In order to circumvent this, with the advent of the industrial revolution, an automated process was introduced called ball milling/grinding, which consists of a closed vessel with ball bearings for carrying out the grinding process, which can be run for longer time periods together with less interference from the surrounding environment.12 Ball milling instruments can be broadly classified into shakers13 and planetary mills.14 In shaker mills, the closed vessels are loaded with ball bearings and shaken at a desired frequency to grind the reagents together. On the other hand, in planetary mills, the jars spin at high speeds in a counter direction to the spinning disc mounted on them. The term planetary is due to the jars revolving around the mounted spinning wheel as the planets revolve around the sun. Recently, the twin-screw extrusion tool was introduced for carrying out mechanochemical reactions and can be considered as an equivalent of solution-based flow reactors for solid-state reactions. In this system, the reagents are ground with the help of two screws that rotate in opposite directions while being transported through an extrusion barrel.15 These reactions involve dispersing force and mechanical activation that occur as a statistically probable process according to collision theory.16 In addition to the different instruments, various grinding techniques have been employed, such as liquid-assisted grinding (LAG),17 vapour-assisted grinding (VAG),18 ion and liquid-assisted grinding (ILAG)19 and polymer-assisted grinding (POLAG),20 but these will not be discussed here as they are out of the scope of this article.

Mechanochemistry has attracted increasing attention recently because of its application in nanomaterials synthesis.21 Modern high-energy ball milling can provide sufficient mechanical energy to break the order of the crystalline structure and produce nanometre-scaled crystal seeds.
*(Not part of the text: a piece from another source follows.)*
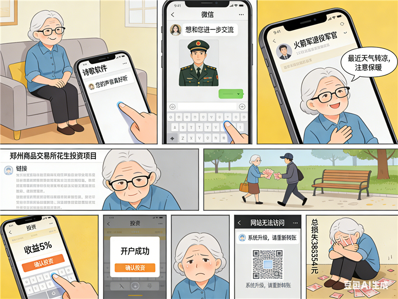 警方拆解該案騙術(shù)發(fā)現(xiàn),騙子共分七步將紀奶奶從“詩友”變成“提款機”。第一步,潛入詩歌朗誦這類中老年人聚集的興趣社群,精準篩選目標;第二步,以“聲音好聽”為切入點,通過情感鋪墊營造“黃昏戀”錯覺,建立情感依賴;第三步,多次切換聊天軟件,躲避平臺反詐監(jiān)測;第四步,偽裝“火箭軍”身份,利用老一輩對軍人的天然信任感,以國家信譽背書;第五步,讓老人幫忙操作虛假賬戶,親眼見證“穩(wěn)賺5%”的假象;第六步,邀請老人自己投資,誘導(dǎo)其向個人銀行卡轉(zhuǎn)賬;第七步,要求線下現(xiàn)金交易,繞過銀行風(fēng)控,增加資金追回難度。

The tiny crystal seeds produced by the mechanical forces can be assembled into large clusters of atoms, which is an effective means for nanostructures growth.22 Also, the chemical transformation of existing inorganic nanostructures from one material into another can be realized by mechanochemistry at a very low temperature, often at ambient temperature. During the mechanochemical process, the powder particles are repeatedly flattened, cold-welded, fractured and re-welded.23 Fracture and welding are the two basic events, which produce a permanent exchange of matter between particles and ensure mixing of the various elements of the ground powders. Initially, the particles suffer from very strong high-energy impacts attributed to collisions between the balls themselves and container wall. These strong impacts cause a large amount of microstructural and structural defects in the milled powder particles.24 The progressive accumulation of defects and the interaction between them lead to crystallite size refinement as well as an increase in the lattice strain. On the other hand, chemical reactions during ball milling occur either gradually or suddenly by mechanically activated combustion. The kinetics of solid-state chemical reactions are ordinarily limited by the rate at which the reactant species can diffuse across the phase boundary, and through the intervening product layers,25 but the kinetics of mechanochemistry depends on the milling parameters, such as the ball to powder weight ratio, milling speed, milling time26 and atmosphere, which together allow the control of the mechanochemical processes.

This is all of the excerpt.